Among the entries below, which lines run from the line with "Golden Spoon هو" through the line with "De meest handige"? Retype those, both ends included, exactly and without pictures.

(Beginning of WORKING DATA)

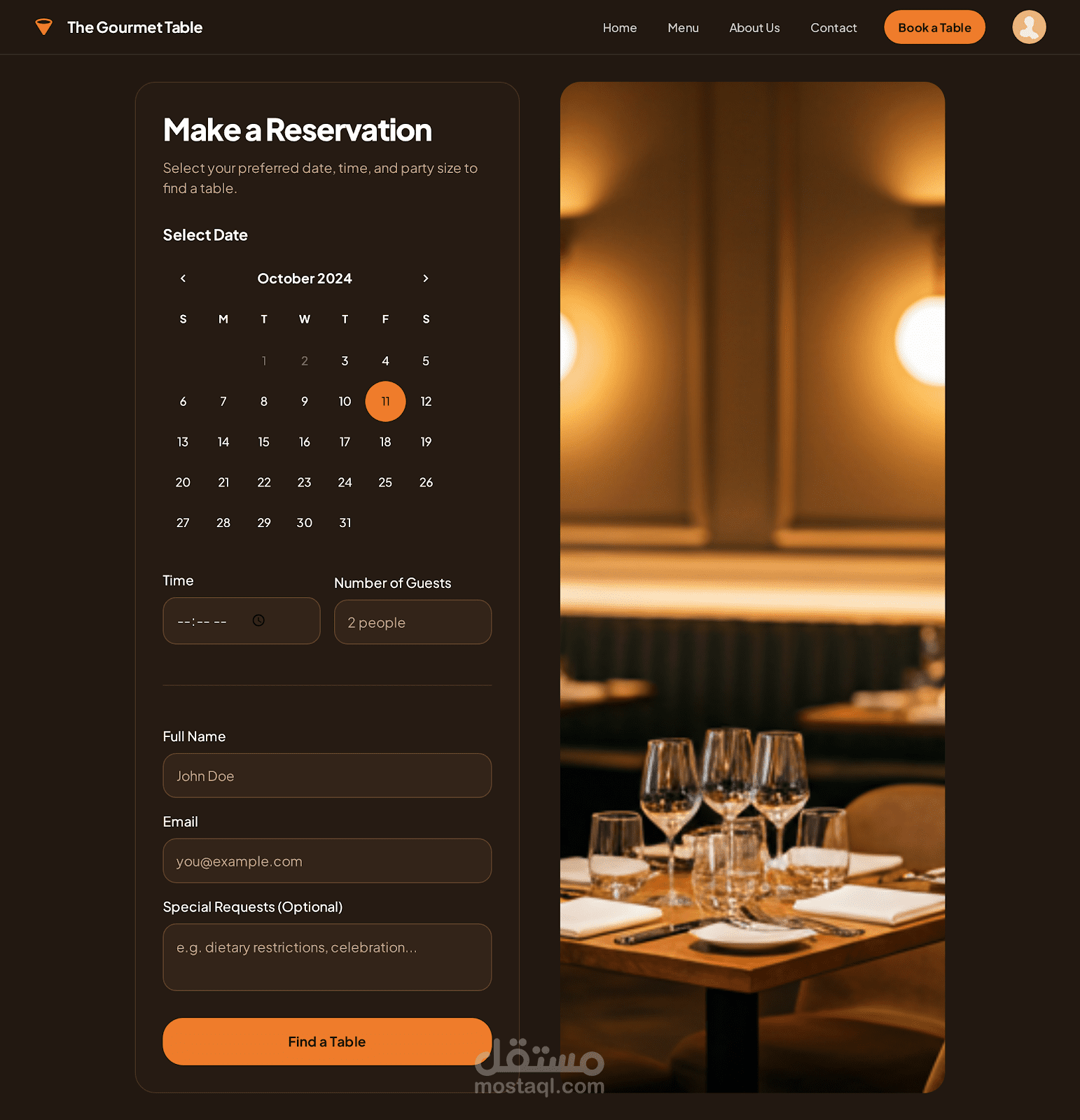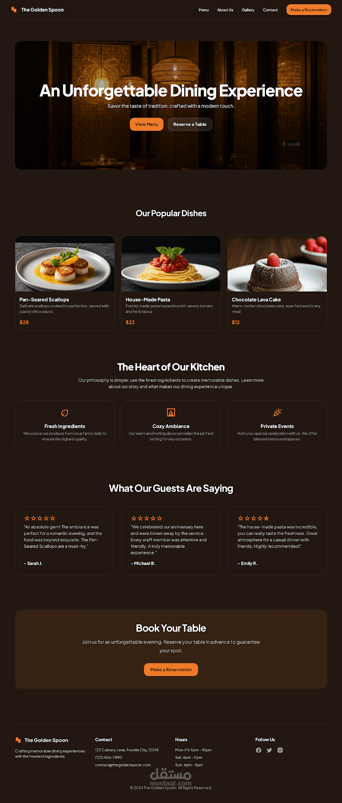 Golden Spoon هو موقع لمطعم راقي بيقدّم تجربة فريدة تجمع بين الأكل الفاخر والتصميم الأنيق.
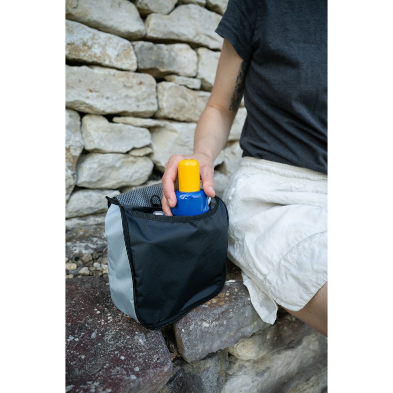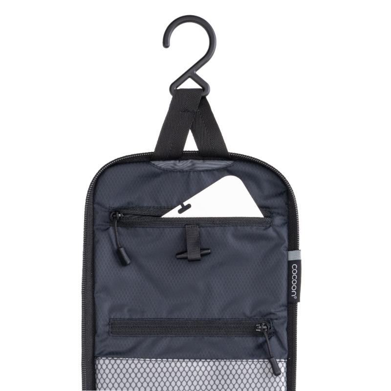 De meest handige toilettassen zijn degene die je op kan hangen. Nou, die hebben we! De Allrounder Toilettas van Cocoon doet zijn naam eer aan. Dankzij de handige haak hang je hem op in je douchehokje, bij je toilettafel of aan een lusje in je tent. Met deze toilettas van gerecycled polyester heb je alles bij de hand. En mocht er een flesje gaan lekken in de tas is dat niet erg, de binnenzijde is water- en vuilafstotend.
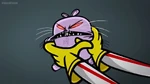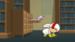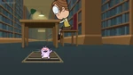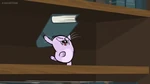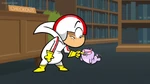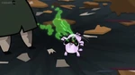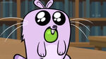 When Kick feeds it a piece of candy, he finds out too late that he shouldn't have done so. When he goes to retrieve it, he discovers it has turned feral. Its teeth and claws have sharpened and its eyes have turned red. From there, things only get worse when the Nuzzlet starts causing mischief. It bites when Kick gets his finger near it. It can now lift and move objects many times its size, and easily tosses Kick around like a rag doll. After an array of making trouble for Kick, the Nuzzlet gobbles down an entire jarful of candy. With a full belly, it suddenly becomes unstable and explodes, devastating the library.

(End of WORKING DATA)
(Beginning of WORKING DATA)

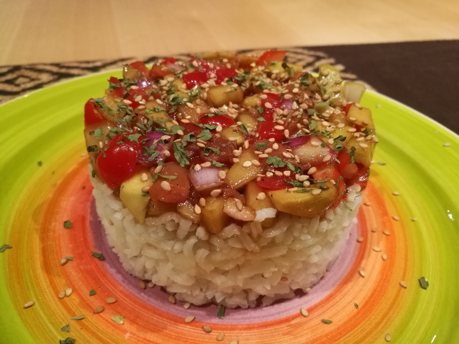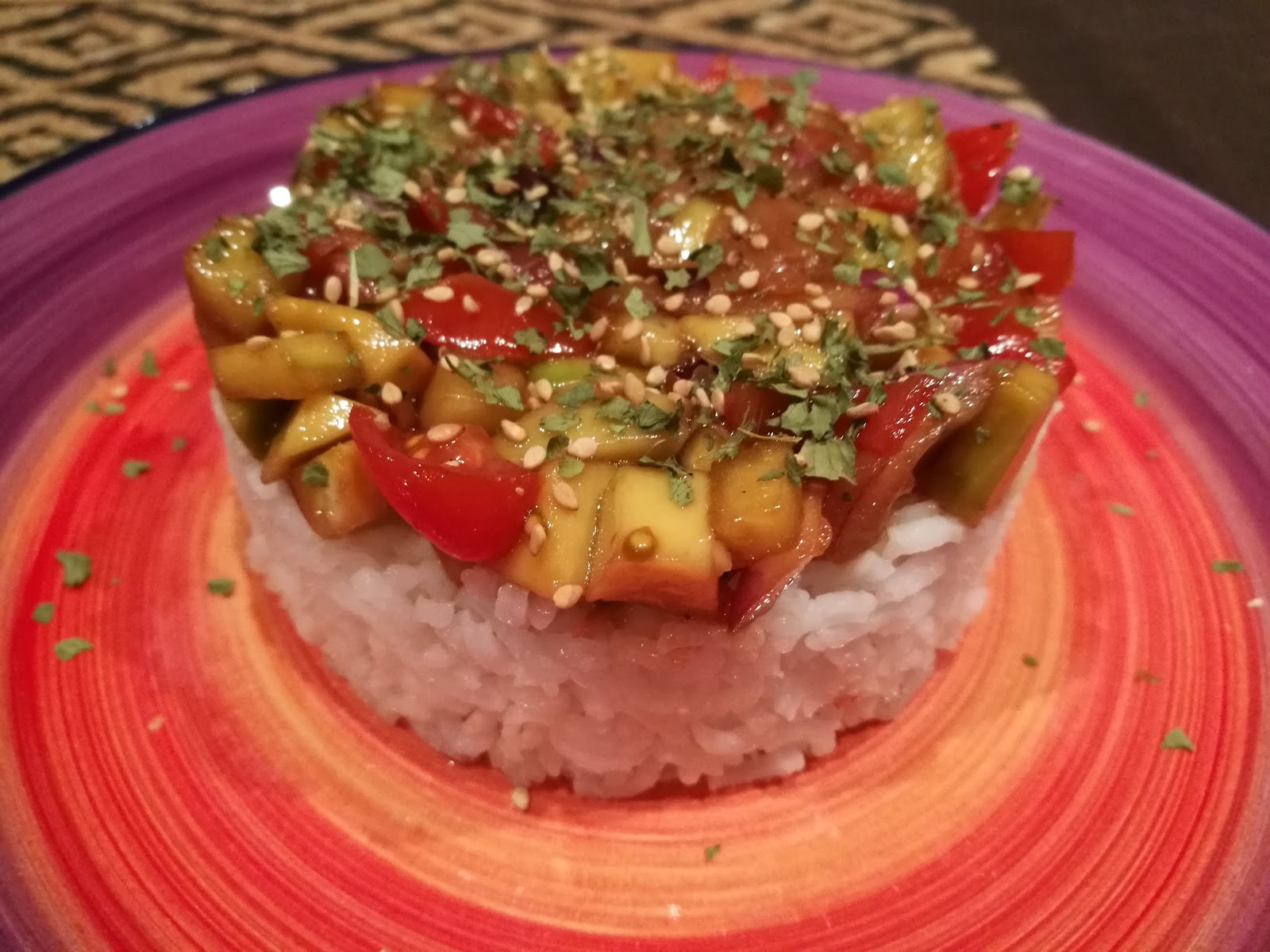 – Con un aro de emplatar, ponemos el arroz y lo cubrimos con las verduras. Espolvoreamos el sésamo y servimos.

(End of WORKING DATA)

> EXERCISE OUTPUT
 Golden Spoon هو موقع لمطعم راقي بيقدّم تجربة فريدة تجمع بين الأكل الفاخر والتصميم الأنيق.
 De meest handige toilettassen zijn degene die je op kan hangen. Nou, die hebben we! De Allrounder Toilettas van Cocoon doet zijn naam eer aan. Dankzij de handige haak hang je hem op in je douchehokje, bij je toilettafel of aan een lusje in je tent. Met deze toilettas van gerecycled polyester heb je alles bij de hand. En mocht er een flesje gaan lekken in de tas is dat niet erg, de binnenzijde is water- en vuilafstotend.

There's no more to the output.